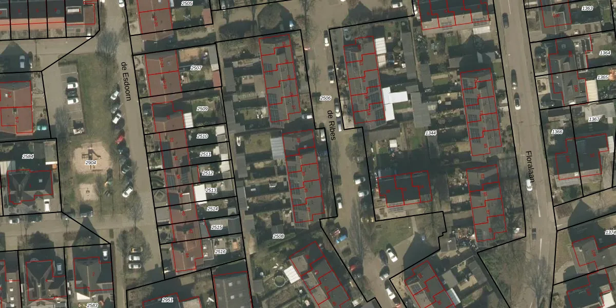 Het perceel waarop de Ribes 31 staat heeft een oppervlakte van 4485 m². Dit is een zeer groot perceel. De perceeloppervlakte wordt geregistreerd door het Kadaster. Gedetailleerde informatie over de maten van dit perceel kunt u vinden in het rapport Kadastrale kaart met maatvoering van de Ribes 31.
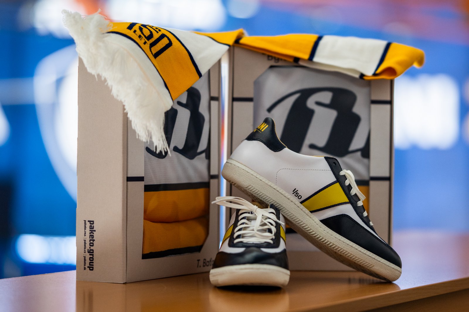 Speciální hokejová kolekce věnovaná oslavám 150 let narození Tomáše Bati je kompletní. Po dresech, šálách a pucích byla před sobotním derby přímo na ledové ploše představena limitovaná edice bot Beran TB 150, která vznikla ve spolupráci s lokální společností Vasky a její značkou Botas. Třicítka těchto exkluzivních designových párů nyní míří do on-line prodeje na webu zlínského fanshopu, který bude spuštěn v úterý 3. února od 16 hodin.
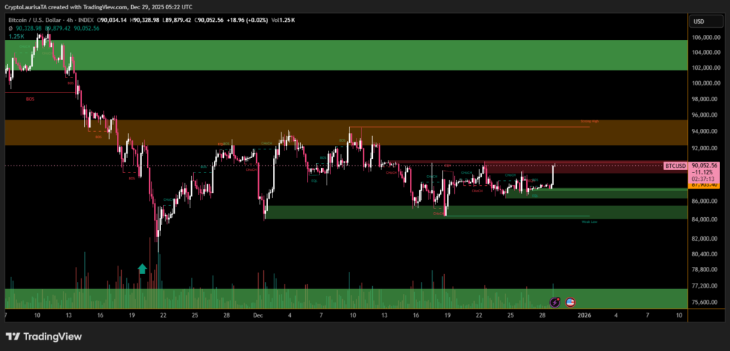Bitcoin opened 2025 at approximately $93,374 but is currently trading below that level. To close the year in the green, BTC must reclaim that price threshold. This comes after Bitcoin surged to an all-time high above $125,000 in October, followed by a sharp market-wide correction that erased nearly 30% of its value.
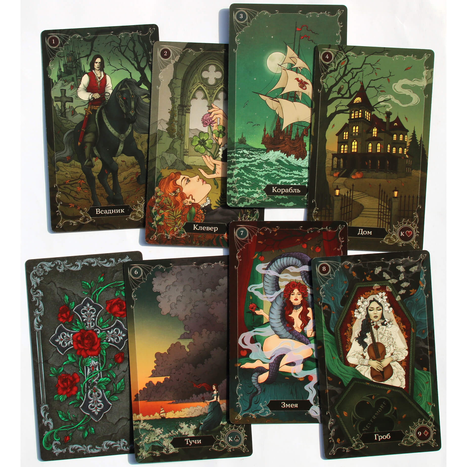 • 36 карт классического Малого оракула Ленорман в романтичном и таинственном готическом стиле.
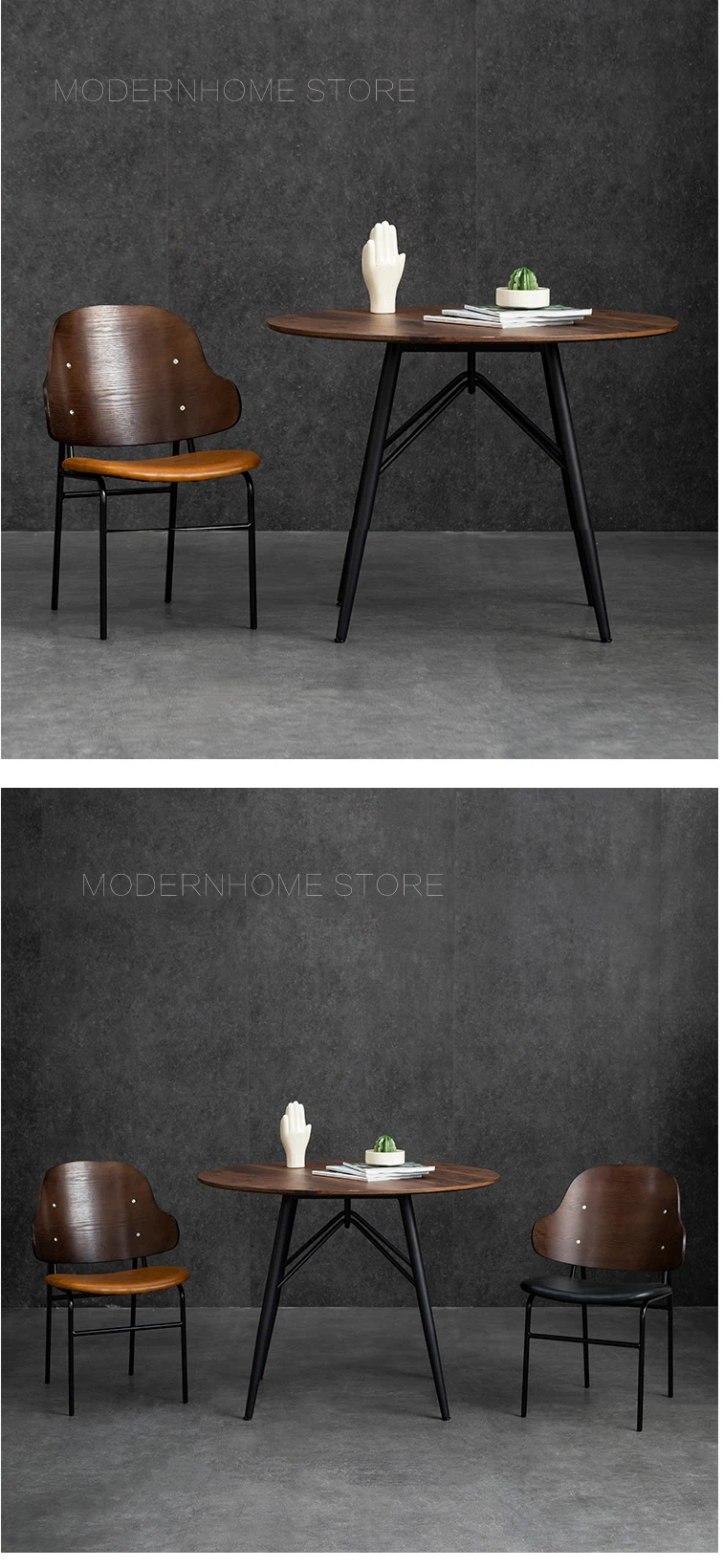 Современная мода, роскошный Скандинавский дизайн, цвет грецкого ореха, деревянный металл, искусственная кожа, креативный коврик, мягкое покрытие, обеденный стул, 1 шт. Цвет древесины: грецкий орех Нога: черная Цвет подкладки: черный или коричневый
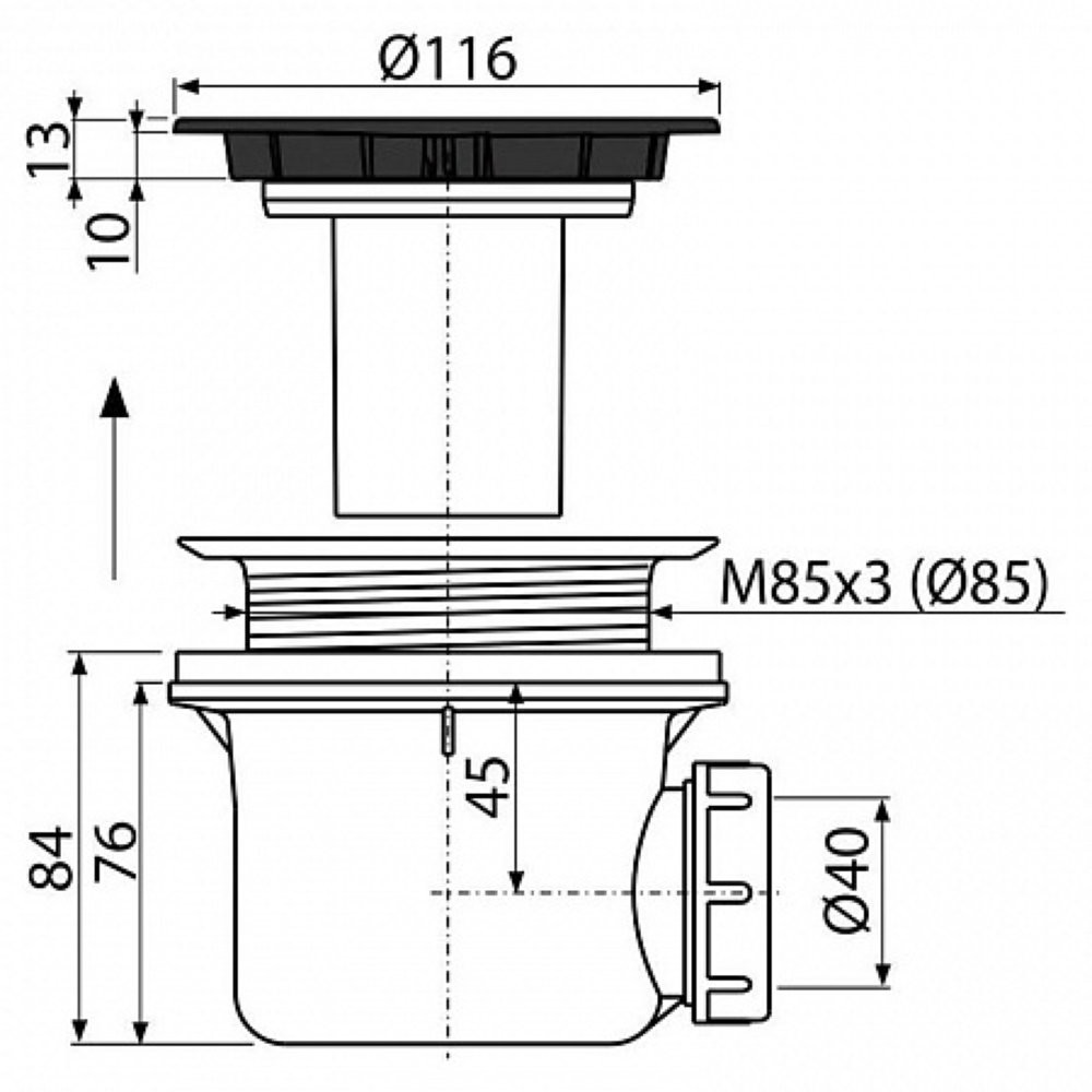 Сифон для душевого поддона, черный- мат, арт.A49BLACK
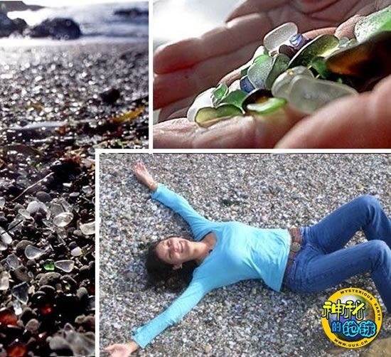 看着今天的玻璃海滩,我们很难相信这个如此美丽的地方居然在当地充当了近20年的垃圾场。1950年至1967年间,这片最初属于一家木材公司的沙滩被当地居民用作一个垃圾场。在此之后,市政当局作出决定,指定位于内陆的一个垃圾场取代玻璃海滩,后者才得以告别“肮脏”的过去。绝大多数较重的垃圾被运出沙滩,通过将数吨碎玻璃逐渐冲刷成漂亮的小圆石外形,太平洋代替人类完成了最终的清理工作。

WORK ITEM –
Make an exact copy of every entry above, but keep the pictures out of it.

YOUR SOLUTION –
 Het perceel waarop de Ribes 31 staat heeft een oppervlakte van 4485 m². Dit is een zeer groot perceel. De perceeloppervlakte wordt geregistreerd door het Kadaster. Gedetailleerde informatie over de maten van dit perceel kunt u vinden in het rapport Kadastrale kaart met maatvoering van de Ribes 31.
 Speciální hokejová kolekce věnovaná oslavám 150 let narození Tomáše Bati je kompletní. Po dresech, šálách a pucích byla před sobotním derby přímo na ledové ploše představena limitovaná edice bot Beran TB 150, která vznikla ve spolupráci s lokální společností Vasky a její značkou Botas. Třicítka těchto exkluzivních designových párů nyní míří do on-line prodeje na webu zlínského fanshopu, který bude spuštěn v úterý 3. února od 16 hodin.
Bitcoin opened 2025 at approximately $93,374 but is currently trading below that level. To close the year in the green, BTC must reclaim that price threshold. This comes after Bitcoin surged to an all-time high above $125,000 in October, followed by a sharp market-wide correction that erased nearly 30% of its value.
 • 36 карт классического Малого оракула Ленорман в романтичном и таинственном готическом стиле.
 Современная мода, роскошный Скандинавский дизайн, цвет грецкого ореха, деревянный металл, искусственная кожа, креативный коврик, мягкое покрытие, обеденный стул, 1 шт. Цвет древесины: грецкий орех Нога: черная Цвет подкладки: черный или коричневый
 Сифон для душевого поддона, черный- мат, арт.A49BLACK
 看着今天的玻璃海滩,我们很难相信这个如此美丽的地方居然在当地充当了近20年的垃圾场。1950年至1967年间,这片最初属于一家木材公司的沙滩被当地居民用作一个垃圾场。在此之后,市政当局作出决定,指定位于内陆的一个垃圾场取代玻璃海滩,后者才得以告别“肮脏”的过去。绝大多数较重的垃圾被运出沙滩,通过将数吨碎玻璃逐渐冲刷成漂亮的小圆石外形,太平洋代替人类完成了最终的清理工作。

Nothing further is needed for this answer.